Another exam room sat next to the first. As Josh swung the door open, a figure turned toward him. It was a man holding something in his hand. The light in the room was burned out, and it was impossible to see exactly what it was, but Josh thought he saw something wet hanging from the end.
He lifted his flamethrower as the zombie shambled toward the door. He waited until he could read the name on the man’s tag—RICHARD—and then aimed at his chest. Just before he hit the trigger, Josh realized what the man was carrying was a hand. Veins and tendons dripped from the wrist where it had been broken from the arm, and on one of the fingers was a ring.
He has both of his hands, Josh thought as he stared at the zombie. That means that one belongs to someone else.
The man dropped the hand, and Josh stared at it. Something about the ring was familiar to him, although he couldn’t place it. It looked like the body of a snake coiled around the finger, its head biting its tail to form a circle.
“Get down!”
Firecracker’s voice startled Josh. He looked up just in time to see the zombie reaching for him. Instinctively falling to his knees, he covered his head with his hands as Firecracker’s flamethrower roared into action. The zombie wheeled back, shrieking.
“Close the door,” Firecracker said. “Roast him.”
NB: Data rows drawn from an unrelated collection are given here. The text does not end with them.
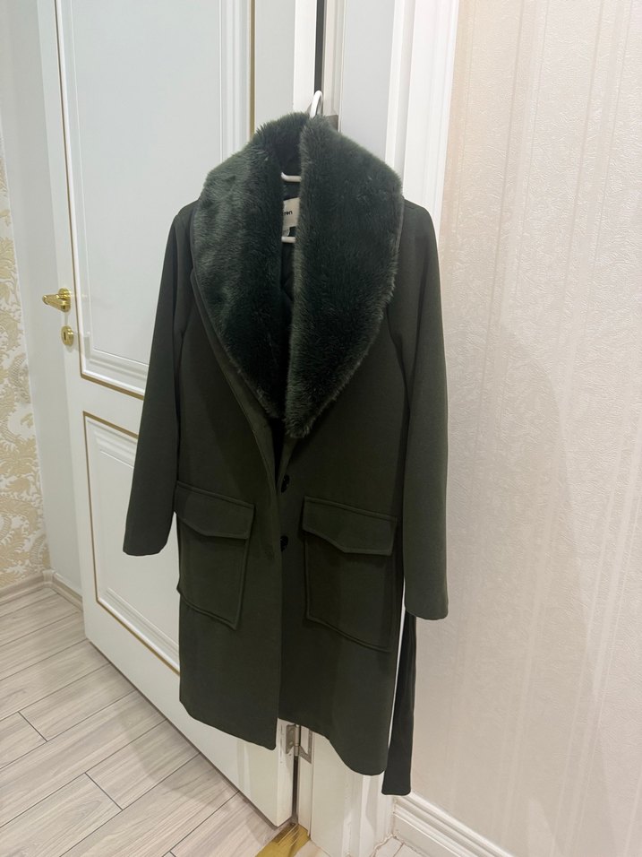 Yeşil kaban, yumuşak kürk yakası ve ön cepleri ile. Ayarlanabilir kemer detayı bulunur. Soğuk havalar için sıcak ve şık.
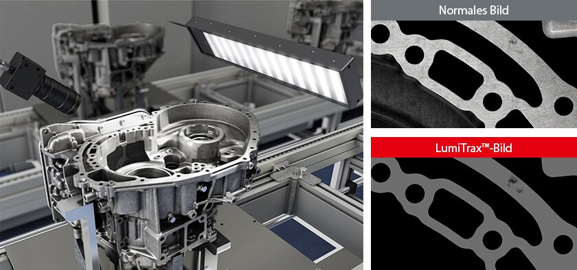 Mit dem LumiTrax™-Spiegelreflexionsmodus ist eine stabile Erkennung selbst von kleinsten Kratzern, Dellen, leichten Verschmutzungen und anderen schwer zu bestimmenden Merkmalen auf Metalloberflächen möglich.
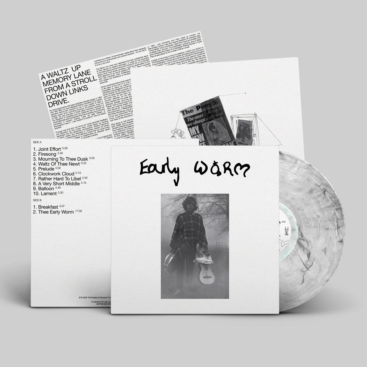 In the summer of 1968, an 18-year-old Genesis P-Orridge (then Neil Andrew Megson) gathered with friends in a modest attic space to experiment with sound. The result was Early Worm, a collection of recordings that capture the nascent creativity of an artist who would later become a pivotal figure in avant-garde music. These sessions, pressed to a single acetate in 1969, showcase a fearless exploration of noise, improvisation, and tape experiments, reflecting influences from psychedelia, Fluxus, John Cage, and beatnik Bohemia. Early Worm stands as a testament to P-Orridge's early commitment to pushing musical boundaries. The album's raw and unfiltered soundscapes offer listeners a rare glimpse into the foundational moments that would eventually lead to the formation of COUM Transmissions, Throbbing Gristle, and Psychic TV.

Josh started to do that, then saw the hand again. Trying not to think about it, he reached out and grabbed it, flinging it outside the room. Firecracker cried out in disgust. “What are you doing?”
Josh slammed the door and pressed his back against it as the zombie tried to get out by ramming his body again and again into the door. Josh could feel the heat from the flames passing through the metal, and every time the zombie hit the door, he jolted Josh forward. But slowly the hits became less and less forceful, until finally they stopped completely.
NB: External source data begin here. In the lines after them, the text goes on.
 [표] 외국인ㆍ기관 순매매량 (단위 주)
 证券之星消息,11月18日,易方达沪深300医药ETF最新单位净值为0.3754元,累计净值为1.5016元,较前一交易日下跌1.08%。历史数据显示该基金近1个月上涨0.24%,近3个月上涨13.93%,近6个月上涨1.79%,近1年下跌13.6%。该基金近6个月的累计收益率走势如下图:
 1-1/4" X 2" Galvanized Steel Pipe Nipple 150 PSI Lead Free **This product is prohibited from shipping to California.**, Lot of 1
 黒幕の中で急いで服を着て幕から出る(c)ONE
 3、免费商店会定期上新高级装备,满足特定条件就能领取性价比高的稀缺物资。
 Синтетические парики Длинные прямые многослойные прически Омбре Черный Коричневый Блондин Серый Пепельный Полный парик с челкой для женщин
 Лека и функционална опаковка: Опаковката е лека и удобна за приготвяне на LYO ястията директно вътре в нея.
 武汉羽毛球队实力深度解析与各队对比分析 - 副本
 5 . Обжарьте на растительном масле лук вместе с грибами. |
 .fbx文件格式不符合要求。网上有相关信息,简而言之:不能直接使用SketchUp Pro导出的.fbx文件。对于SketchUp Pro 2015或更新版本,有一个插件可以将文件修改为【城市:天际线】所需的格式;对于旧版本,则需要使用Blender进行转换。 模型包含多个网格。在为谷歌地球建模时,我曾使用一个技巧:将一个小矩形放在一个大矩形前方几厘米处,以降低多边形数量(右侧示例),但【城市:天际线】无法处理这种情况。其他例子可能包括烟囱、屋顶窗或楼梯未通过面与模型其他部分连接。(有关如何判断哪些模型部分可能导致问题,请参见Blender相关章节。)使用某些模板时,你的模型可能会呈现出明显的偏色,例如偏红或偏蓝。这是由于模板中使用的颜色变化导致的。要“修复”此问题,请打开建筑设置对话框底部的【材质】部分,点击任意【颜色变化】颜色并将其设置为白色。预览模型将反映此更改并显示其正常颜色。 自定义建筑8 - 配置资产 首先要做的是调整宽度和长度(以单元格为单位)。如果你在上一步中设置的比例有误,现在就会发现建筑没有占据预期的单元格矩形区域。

After checking to make sure the zombie was really dead, Josh turned back to the hand. He’d been staring at it while holding the zombie back but had come no closer to figuring out why the ring triggered something in his brain. He knelt and reached for the hand.
“Don’t touch it,” Firecracker warned. “It’s got blood all over it. You get that in you and you might as well be that guy,” he added, gesturing at the closed door. Smoke was seeping out from underneath it and filling the hallway. It burned Josh’s eyes.
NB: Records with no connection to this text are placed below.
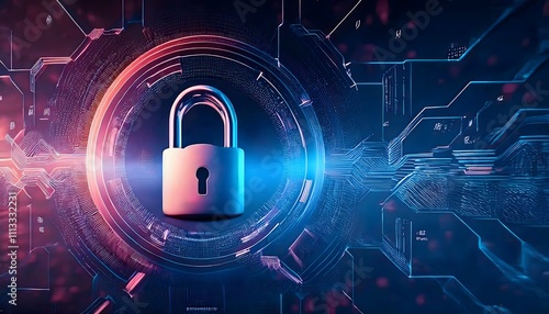 Data privacy laws visualized with locks and codes, digital background, 3D illustration, law restriction, regulations, enforcement.
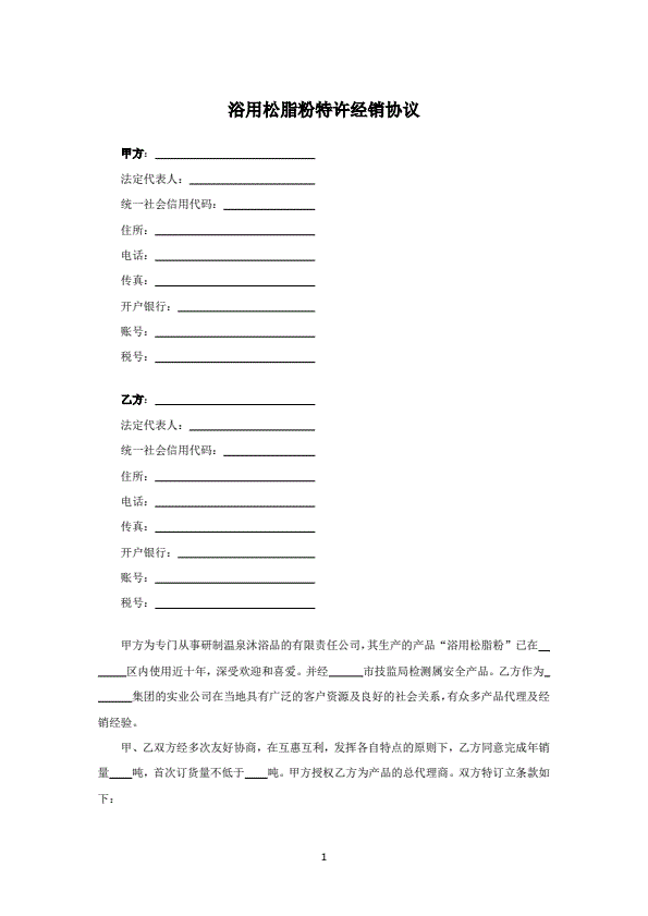 浴用松脂粉特许经销协议
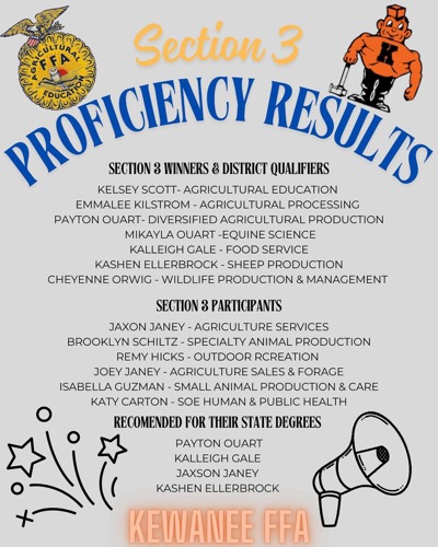 The results for the Section 3 FFA proficiency awards have been announced. Congratulations to section winners and district qualifiers: Kelsey Scott in Agricultural Education, Emmalee Kilstrom in Agricultural Processing, Payton Quart in Diversified Agricultural Production, Mikayla Ouart in Equine Science, Kalleigh Gale in Food Service, Kashen Ellerbrock in Sheep Production, and Cheyenne Orwig in Wildlife Production and Management.

“I don’t have any cuts on me,” Josh said as he reached out and pulled the ring from the finger. It came off easily, and he wiped it on his jeans. “I’ve seen this ring before,” he said. “I just can’t remember where.”
A muffled scream came from somewhere else in the building, interrupting his thoughts. “Charlie?” Firecracker asked.
Josh shook his head. “No.” He put the ring in his pocket, and he and Firecracker ran down the hall. Josh completely forgot about checking the rooms until they started to turn the corner into the next corridor. He stopped. “We should go back,” he said to Firecracker.
The scream came again, this time louder and more frenzied. Josh looked down the hall just as someone rounded the corner, running straight for them. Whoever it was moved much more quickly than zombies usually did, with a rolling gait that carried the body forward in weird zigzagging steps.
For a moment Josh was afraid it was Charlie, but in the dim light it was impossible to tell. Then two more figures came around the corner. He saw flames flickering at the ends of two torches and knew the figures were Charlie and Scrawl. Which meant that the screaming figure was a z.